To be honest I might even go as far to say one of the most stunning and beautiful towns in the world. The town, predominately in the medina, is painted an incredible sky blue and white, with terracotta red tiles. In some areas it’s just all blue, literally an entire lane way is painted blue; the ground, the walls, the doors, everything. It’s quite weird to see that, but it’s all so mesmerising how amazing it all looks. From the rooftop of the riad I stayed at, you really appreciate the birds eye view of just how cool this place looks.

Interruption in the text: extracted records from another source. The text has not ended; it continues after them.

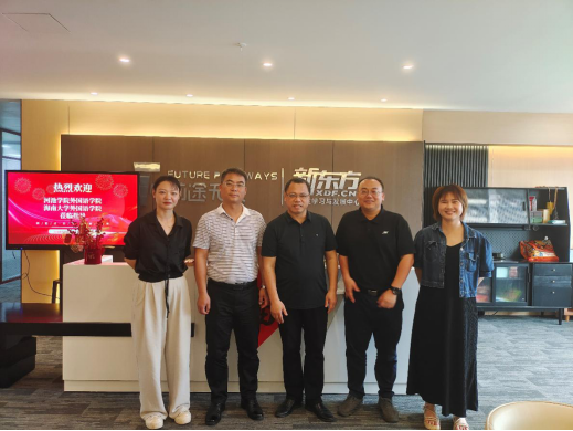 韦合一行实地走访参观了新东方在线海南公司,详细了解了该公司发展历程、业务领域和用人需求等。在座谈期间,韦合向企业介绍了公司2024届毕业生情况与公司的发展历史、发展优势、未来愿景及毕业生实习、就业需要,并向企业负责人表达了进一步加强校企合作,实现校企双方互利共赢的愿景。此外,双方就毕业生招聘、员工实习、考研英语等方面展开全方位、多层次的交流。
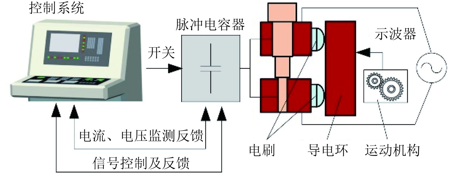 2 试验过程 2.1 试验原理在实验室环境下对电刷-导电环接触副进行脉冲大电流传导试验,原理如图5所示。脉冲电容器主要为电路回路提供毫秒级高能单脉冲电流。其中,放电主回路包括高密度脉冲电容器、控制系统、电刷-导电环。控制系统操控电源向脉冲电容器进行恒流充电至给定电压,随即触发脉冲电容器开关,将脉冲电容器迅速和电路连通,完成放电过程。
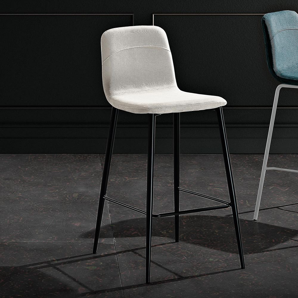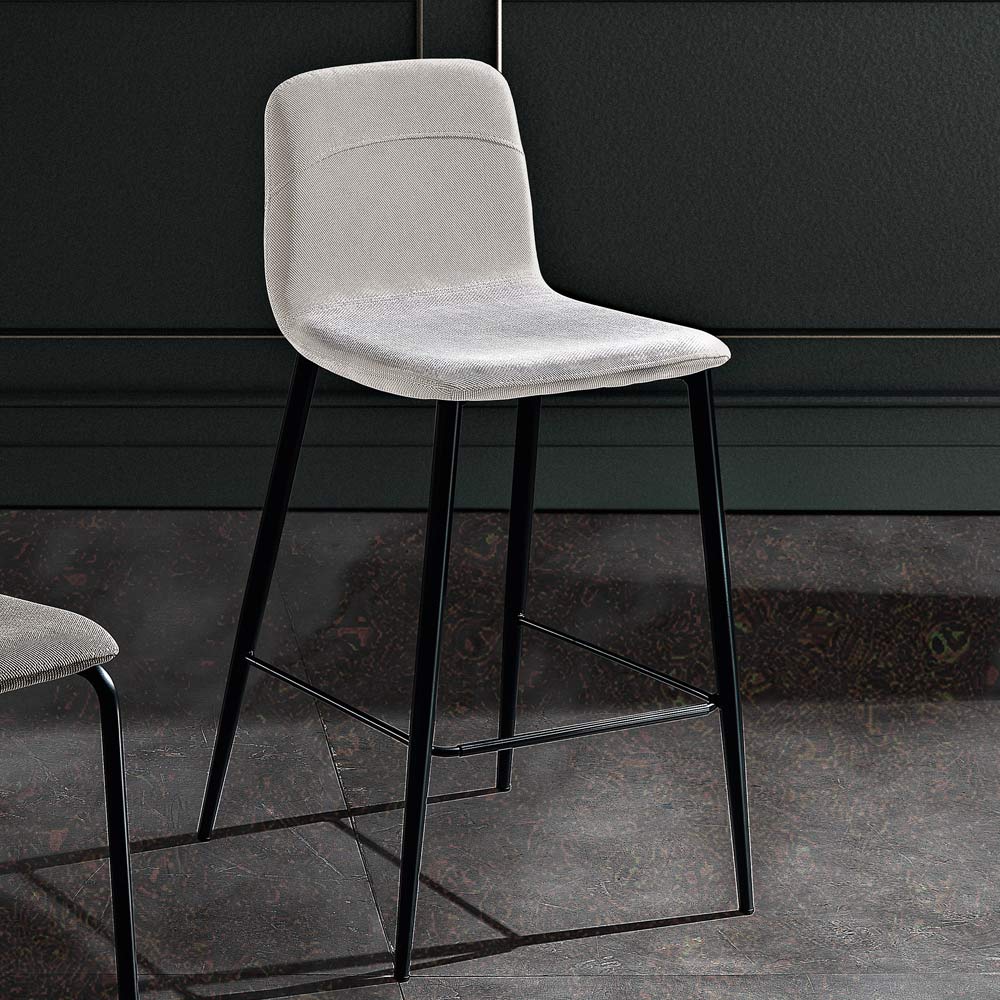 Taburete de cocina con asiento tapizado en tejido y estructura de metal con tubo redondo (diámetro 16 mm) en acabado antracita mate RAL 7021 completo con práctico reposapiés, hecho en Italia.

But it’s not all happy and colourful here. The touts are dialled up to 11, this being the major tourist attraction in the country. I think my experience with them would greatly differ to others that have visited in groups or as a couple. As a solo male traveller the touts see only one thing; someone to buy hash.
When I arrived at the kasbah and checking the map on how to get up to the riad (the town is settled on the side of the Rif Mountains, so to get anywhere you’re going up a whole lot of stairs and steep paths). This is when the most annoying tout I’ve ever come across targeted me. This piece of shit wouldn’t leave me alone. While the touts in Tangier would walk off after a few minutes, this guy just kept following. His line was he’ll show me to the riad, and to prove his qualifications, he showed me pictures of his family, which were clearly random photos from the 70’s. In a strange turn of irony, he did actually help me find the riad in the end since the map from the online booking site, Agoda, was actually wrong.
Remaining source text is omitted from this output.